Brutal-concision prompt engineering. No fluff, no praise. Catch ambiguity before drafting.

When to activate

Yes:

  • Creating new prompts from requirements
  • Analyzing existing prompts for weaknesses
  • Optimizing prompts for token efficiency
  • Debugging prompt behavior issues
  • Writing requests missing where, format, or audience (ambiguous → clarify before drafting)
  • Technical documentation needing concision (specs, READMEs, guides)

No: code generation (unless writing prompt code), or clear well-scoped writing requests.

Activation protocol

When the request is missing where/format/audience, ask before drafting. Common triggers:

  • "Write/add/note [content]" without target location
  • "Document this" without format or audience
  • "Add instructions for X" without scope constraints

Bundled material (load on demand)

Don't load these eagerly. Load when relevant.

| File | Load when | |------|-----------| | references/anti-patterns.md | Reviewing or debugging an existing prompt | | references/patterns.md | Constructing a new prompt — choosing patterns | | references/models.md | Request mentions a specific Claude model, migration, or token efficiency | | templates/prompt-skeleton.md | Drafting a new prompt from scratch | | templates/few-shot-skeleton.md | Few-shot pattern is the right tool |

Analysis checklist (review existing prompts)

For each axis, decide present/missing/broken and propose a fix:

  • Clarity — ambiguous phrasing → add specificity or examples
  • Context — missing background → inline or reference domain info
  • Constraints — vague boundaries → define explicit limits
  • Format — unspecified output → add structure rules
  • Examples — abstract instructions → provide concrete demonstrations
  • Token efficiency — verbose → cut redundancy, use delimiters
  • Conflicts — contradicting rules → resolve or prioritize

For specific anti-patterns to look for, load references/anti-patterns.md.

Construction principles

  • Specific beats vague.
  • Examples strengthen abstract instructions.
  • Constraints prevent drift.
  • Front-load critical instructions; the middle of long prompts gets attended to less.
  • XML tags / delimiters for structure beat prose section headers.
  • Test edge cases in requirements before writing the prompt.

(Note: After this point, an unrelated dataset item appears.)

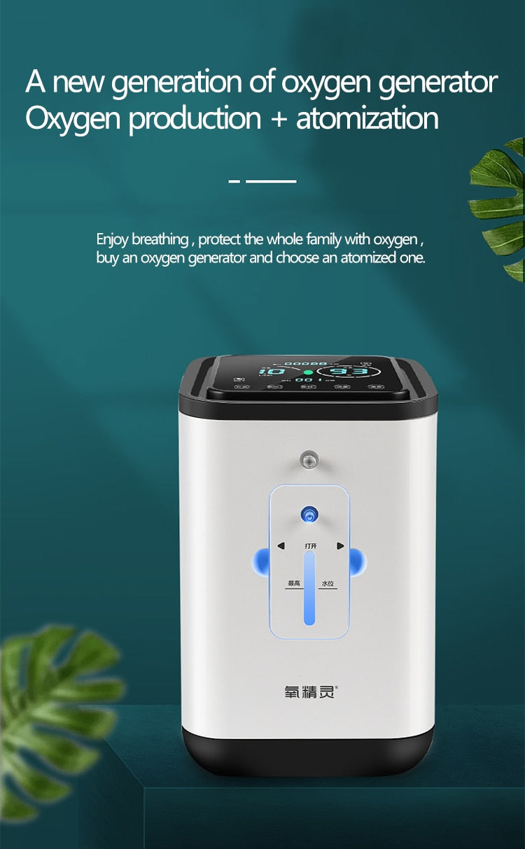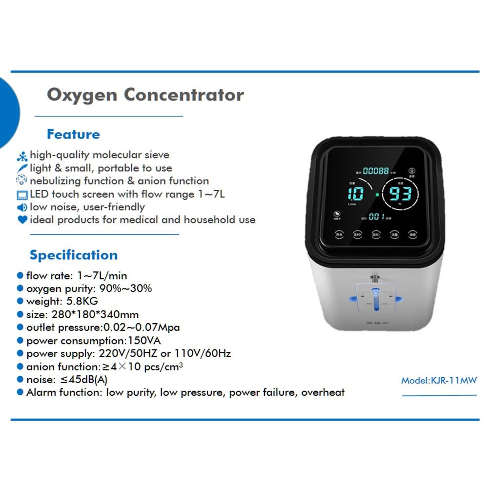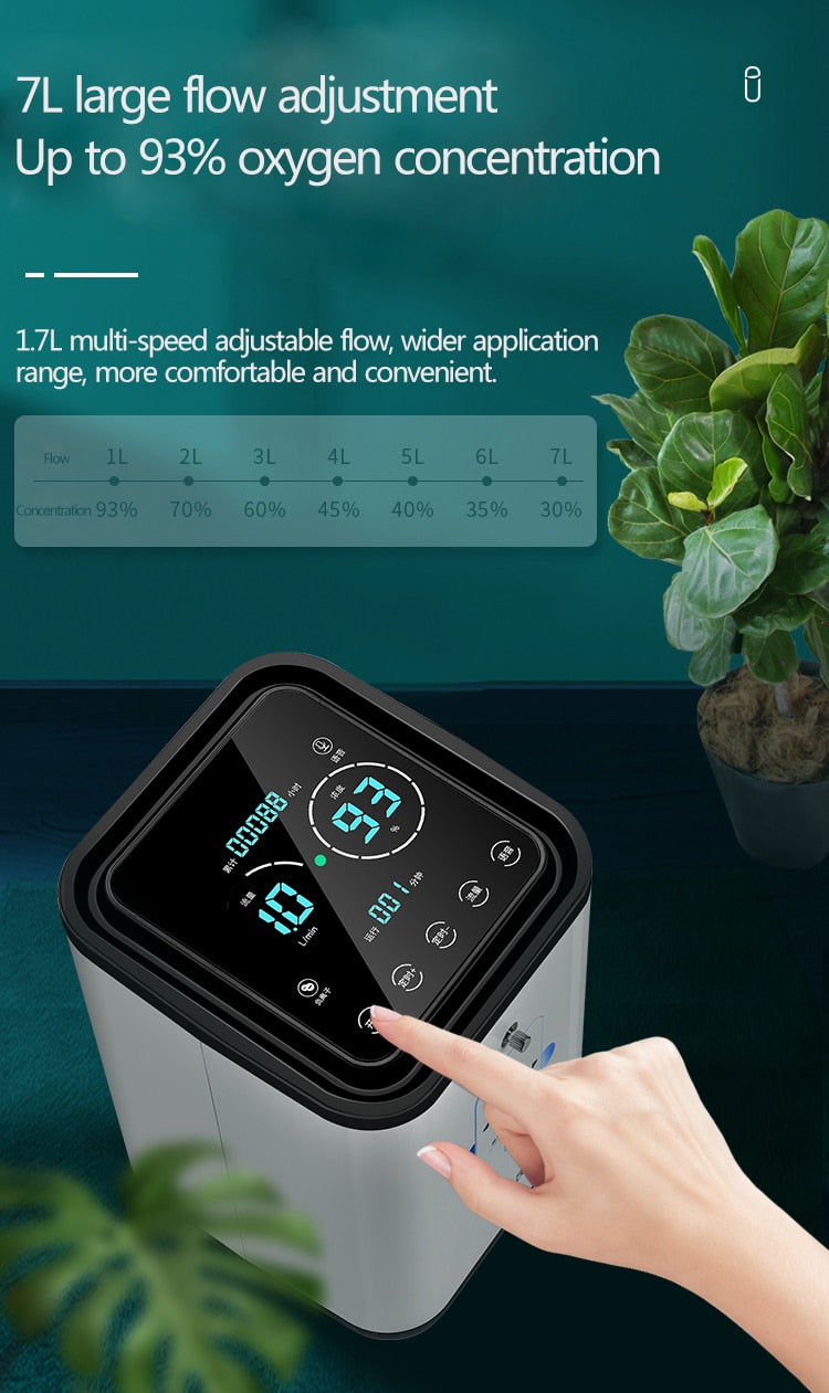 Portable Oxygen Generator 1-7L AC110-220V Concentrator Adjustable High Purify LED Touch Screen Low Noise

For pattern selection guidance, load references/patterns.md.

Validation process

Before delivering a prompt:

  1. Read it as a hostile interpreter — find loopholes.
  2. Verify examples agree with rules. (Examples win over rules in the model's eyes; if they conflict, the rules lose.)
  3. Test mental edge cases.
  4. Ensure the failure-mode branch is reachable and parseable.
  5. If token efficiency matters, check the cacheable-prefix shape.

Output rules (for your own analysis output)

  • Direct feedback only.
  • Cite line numbers when analyzing files.
  • Propose concrete fixes with before/after.
  • Explain why changes matter, not what they do.
  • Question assumptions in requirements.
  • Flag edge cases that break the prompt.